The Oak Ridge football team won the D-II California State Championship in both 2003 and 2004, led by Austin Collie and Seyi Ajirotutu. After playing five season in the NFL and one season in the Canadian Football League, Collie retired from football in 2016. Ajirotutu played six seasons in the NFL.

Oak Ridge Basketball won the 2010 D-I California Women's State Championship. The boys won the D-II California State Championship in 2005.

Oak Ridge Trojans swim team won the CIF State swimming championship in May 2016 and May 2017. The Trojans also placed 2nd in May 2018. Most recently in May 2019 the Oak Ridge boys' swim team again placed second out of 236 California High School finalists in the CIF swim championships.

Oak Ridge's Girls Track and Field team placed 2nd in the 2018 CIF State Championships.

Oak Ridge Girls Varsity Soccer team won the Sac-Joaquin Section Championship in February, 2020.

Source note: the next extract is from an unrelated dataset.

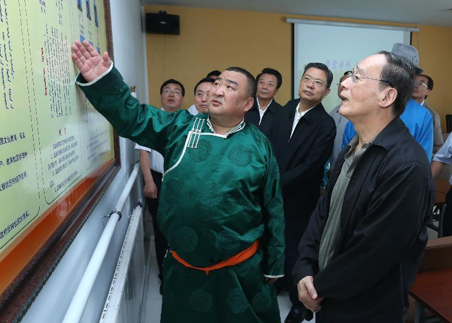Wang Qishan (R), a member of the Standing Committee of the Political Bureau of the Communist Party of China (CPC) Central Committee and secretary of the Central Commission for Discipline Inspection (CCDI) of the CPC, inquires about the grassroots Party building in Xilingol League, north China's Inner Mongolia Autonomous Region, July 3, 2014. Wang made an inspection tour in Xilingol League from July 3 to 4. (Xinhua/Pang Xinglei) |

Oak Ridge Girls Varsity Soccer team won the Norcal State Championship in March 2022

Notable alumni

 Lonni Alameda, Class of 1988, professional softball player and head softball coach at Florida State University
 Seyi Ajirotutu, Class of 2005, retired NFL wide receiver for the San Diego Chargers and Carolina Panthers
 Ryan Anderson, Class of 2006, after attending the University of California Berkeley, was drafted in the 2008 NBA draft, 21st overall to the New Jersey Nets
 Ian Book, Class of 2016, quarterback for the Philadelphia Eagles. Formerly quarterback for the Notre Dame Fighting Irish football team 2017-2020
 Sam Clemons, Class of 1997, football player
 Austin Collie, Class of 2004, NFL wide receiver; drafted by the Indianapolis Colts in the fourth round (127th overall) in the 2009 NFL Draft; retired in 2016
 Marvin Philip, Class of 2000, University of California, Berkeley Football All-American. Drafted in 2006 as a Center by the NFL’s Pittsburgh Steelers
 F. P. Santangelo, Class of 1985, former professional baseball player (1995–2001) who played for the Montreal Expos, San Francisco Giants, Los Angeles Dodgers, and Oakland Athletics
 Ross Dwelley, Class of 2013, currently plays for the San Francisco 49ers
 Shane Steichen, Class of 2003, NFL head coach of the Indianapolis Colts
 Bryce Mefford, Class of 2017, University of California swimmer, placed second in the 200m Backstroke final of the US Olympic Team Trials in Omaha, qualifying him for the 2020 Olympic Games.

Controversies
On February 25, 2016, during a girls varsity basketball game where Oak Ridge was playing C. K. McClatchy High School at home, the Oak Ridge student section was accused of chanting racial slurs toward C.K McClatchy's Asian players. Oak Ridge's principal later issued a statement detailing the disciplinary actions the school would take.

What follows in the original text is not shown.